Try this beautiful problem from the American Invitational Mathematics Examination I, AIME I, 1994 based on Right angled triangle.

Try this beautiful problem from the American Invitational Mathematics Examination I, AIME I, 1994 based on Right angled triangle.

Right angled triangle – AIME I, 1994


In \(\Delta ABC\), \(\angle C\) is a right angle and the altitude from C meets AB at D. The lengths of the sides of \(\Delta ABC\) are integers, \(BD={29}^{3}\), and \(cosB=\frac{m}{n}\), where m, n are relatively prime positive integers, find m+n.

  • is 107
  • is 450
  • is 840
  • cannot be determined from the given information

Key Concepts


Integers

Right angled triangle

Pythagoras Theorem

Check the Answer


Answer: is 450.

AIME I, 1994, Question 10

Geometry Vol I to IV by Hall and Stevens

Try with Hints


\(\Delta ABC \sim \Delta CBD\)

\(\frac{BC}{AB}=\frac{29^{3}}{BC}\)

\(\Rightarrow {BC}^{2}=29^{3}AB\)

\(\Rightarrow 29^{2}|BC and 29|AB\)

\(\Rightarrow BC and AB are in form 29^{2}x, 29x^{2}\) where x is integer

\(by Pythagoras Theorem, AC^{2}+BC^{2}=AB^{2}\)

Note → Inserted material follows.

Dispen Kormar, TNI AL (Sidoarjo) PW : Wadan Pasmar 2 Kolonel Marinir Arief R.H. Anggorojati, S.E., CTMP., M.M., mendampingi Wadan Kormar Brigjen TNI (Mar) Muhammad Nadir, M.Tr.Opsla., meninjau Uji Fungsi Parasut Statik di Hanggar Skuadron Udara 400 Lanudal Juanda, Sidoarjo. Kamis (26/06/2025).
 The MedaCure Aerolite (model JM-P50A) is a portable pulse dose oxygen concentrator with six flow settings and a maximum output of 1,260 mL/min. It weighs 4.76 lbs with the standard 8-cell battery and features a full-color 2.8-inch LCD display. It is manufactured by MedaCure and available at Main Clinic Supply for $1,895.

\(\Rightarrow (29^{2}x)^{2}+AC^{2}=(29x^{2})^{2}\)

\(\Rightarrow 29x|AC\)

taking y=\(\frac{AC}{29x}\) and dividing by (29x)^{2}\)

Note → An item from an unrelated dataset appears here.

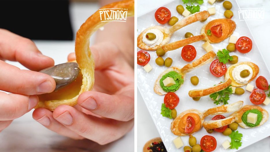 To jedna z najprostszych możliwych przystawek, której przygotowanie jest bardzo proste i tanie. Wystarczy arkusz ciasta francuskiego, ulubione dipy i trochę wyobraźni. Nasze łyżeczki wypełniliśmy hummusem i twarożkiem, ale możesz postawić na inne pasty, np. guacamole, salsę, pastę z pieczonej papryki. Ciasto francuskie jest na tyle uniwersalne, że sprawdzi się również na słodko: wgłębienia łyżeczek możesz wypełnić kremem czekoladowym lub owocowym musem. Dzięki temu nie zabraknie Ci już nigdy pomysłów na proste i efektowne przekąski na przyjęcia.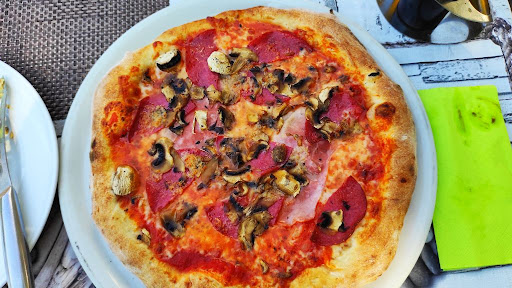 Es ist hier wirklich schön und lauschig und man kann nett draußen sitzen und hat eine gute Aussicht.Der Innenraum ist für ein Vereinsheim sehr schön eingerichtet und gefiel uns ebenfalls. Wir wurden ausgesprochen freundlich von einem netten und sympathischen Kellner begrüßt. Die Karten kamen zeitnah aber schon auf die Getränke mussten wir eine Spur lange warten. Dabei war fast nichts los. Aber die Sonderwünsche (Eis in den Gläsern) wurden problemlos erfüllt. Es war Eis aus einer Eismaschine. Vielleicht dauerte es darum etwas länger. Der Insalata Tonno, den wir gemeinsam als Vorspeise wählten, war ausgezeichnet und auch durchgehend angemacht. Das gefiel uns sehr. Aber, dass die Pizzen schon kamen als wir noch beim Salat waren, war nicht ganz so prickelnd. Gut sahen sie aus, die Pizzen, aber ich erbat für meine Pizza eine etwas längere Verweildauer im Ofen und es kam genau umgekehrt. Meiner Frau Pizza sah besser aus und meine nur recht bleich. Geschmacklich waren sie irgendwie nicht vorhanden. Der Teig war kaum gewürzt und der Rand eher schwer als luftig. Der Belag war zwar reichlich aber ebenso sehr zurückhaltend. Wir erbaten bei Lieferung der Pizzen auch Chili- und Knoblauchöl. Nur es dauerte und dauerte. Als ich mich dann selbst auf den Weg machte um nachzufragen. Mit einem „kommt gleich“ wurde ich dann versucht zufrieden zu stellen. Was „gleich“ im Il Gargano heißt durften wir dann erfahren. Die halben Pizzen waren schon gegessen als das Öl dann „gleich“ kam. Das Chiliöl wurde mit Chiliflocken angemacht und hatte eine ehr brutale Schärfe. Dafür schien das Knoblauchöl gar nichts zu können und schien mithilfe von Knoblauchgranulat angerührt worden zu sein. Zudem sah es noch deutlich oxidiert aus...

\(\Rightarrow 29^{2}=x^{2}-y^{2}=(x-y)(x+y)\)

where x,y are integers, the factors are \((1,29^{2}),(29,29)\)

\(y=\frac{AC}{29x}\) not equals 0 \(\Rightarrow x-y=1, x+y=29\)

\(\Rightarrow x=\frac{1+29^{2}}{2}\)

=421 then\(cosB=\frac{BC}{AB}=\frac{29^{2}x}{29x^{2}}\)=\(\frac{29}{421}\)

m+n=29+421=450.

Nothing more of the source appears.